Start of Block

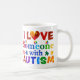Citação inspiradora de "Eu amo alguém com AUTISM" e um belo coração com quebra-cabeça autistas para apoiar crianças autistas e suas famílias por um futuro brilhante.
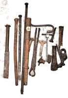Vulcan Sales and Service. Blue on white. Blacksmith trade mark. Few minor marks. 4'x1'6". 95%. SOLD $200
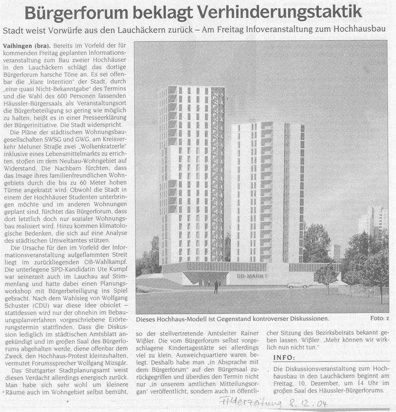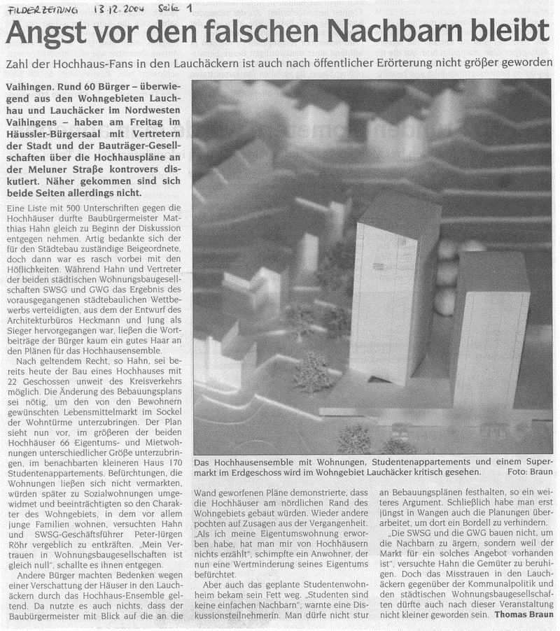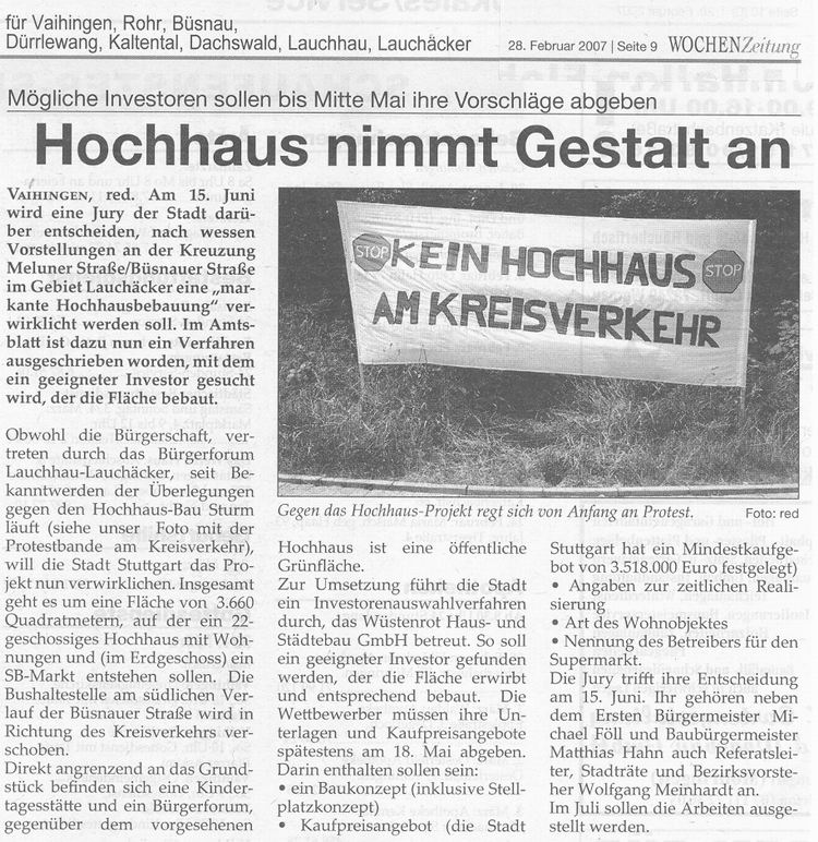 Zahl der Hochhaus-Fans in den Lauchäckern ist auch
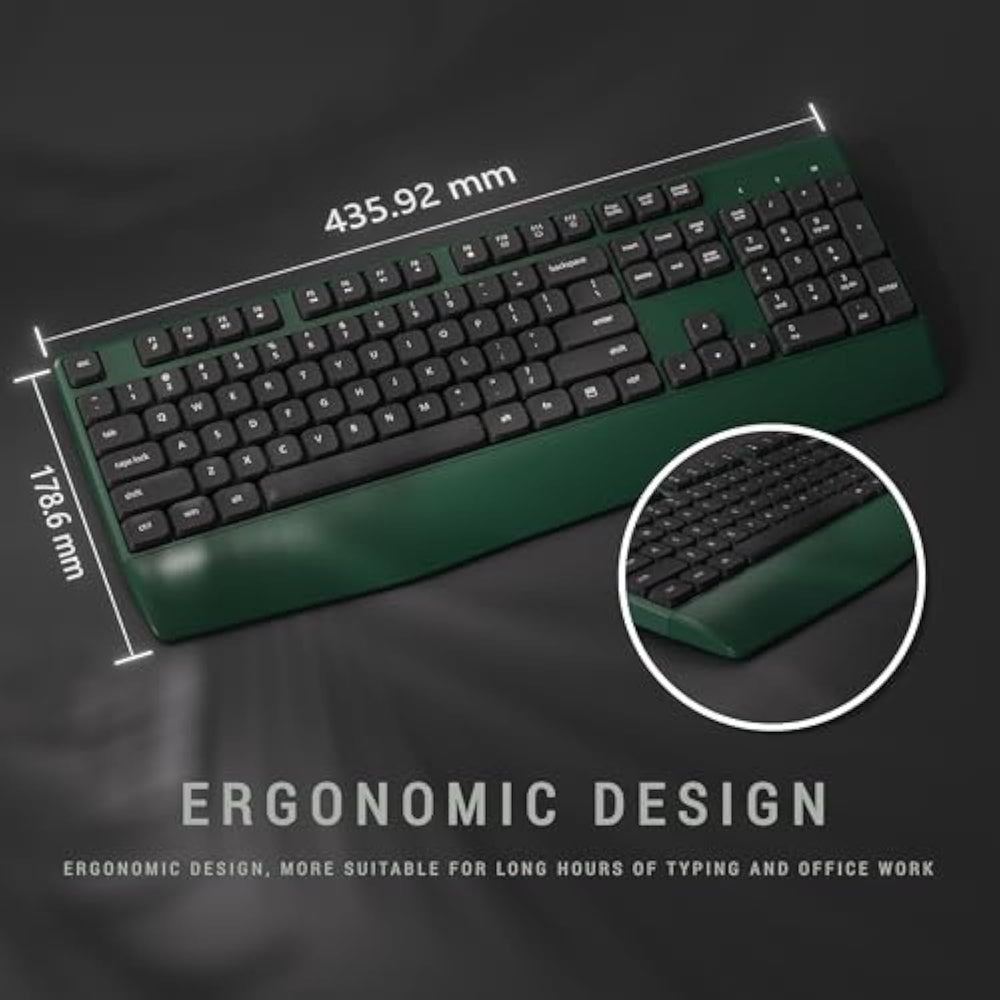 | Ergonomic Comfort Wrist Support – Split-Style Full-Size Wireless Keyboard And Vertical Ergonomic Mouse With Built-In Cushioned Wrist Rest Help Reduce Wrist Strain And Enhance All-Day Typing Comfo | | Stable Bk Chipset 2.4Ghz Wireless – Powered By Advanced Bk Chipset And 2.4Ghz Wireless Tech For A Stable, Lag-Free Connection Up To 33Ft (10M). Easy Plug-And-Play Setup With A Single Usb Receiver | | Comfo Mouse With Silent Clicks Power Button – Ergonomic Wireless Mouse Features Whisper-Quiet Buttons For Minimal Noise And A Convenient Power Switch To Conserve Battery When Not In Use | | Full-Size Keyboard With Multimedia Hotkeys – Includes 104 Responsive Keys, Numeric Keypad, And 12 Shortcut Keys For Productivity. Durable Membrane Switches Deliver A Quiet, Comfortable Typing Experience | | Wide Compatibility Energy Efficient – Works With Windows 7/8/10/11, Mac Os, Chrome Os. Auto-Sleep Mode Prolongs Battery Life; Requires 1 Aaa And 1 Aa Batteries (Not Included) | |

End of Block

Exercise →
In the data above, retype only the stretch from the line with "Vulcan Sales and" through the line with "Zahl der Hochhaus-Fans", word for word, and skip any pictures.

Reply →
Vulcan Sales and Service. Blue on white. Blacksmith trade mark. Few minor marks. 4'x1'6". 95%. SOLD $200
 Zahl der Hochhaus-Fans in den Lauchäckern ist auch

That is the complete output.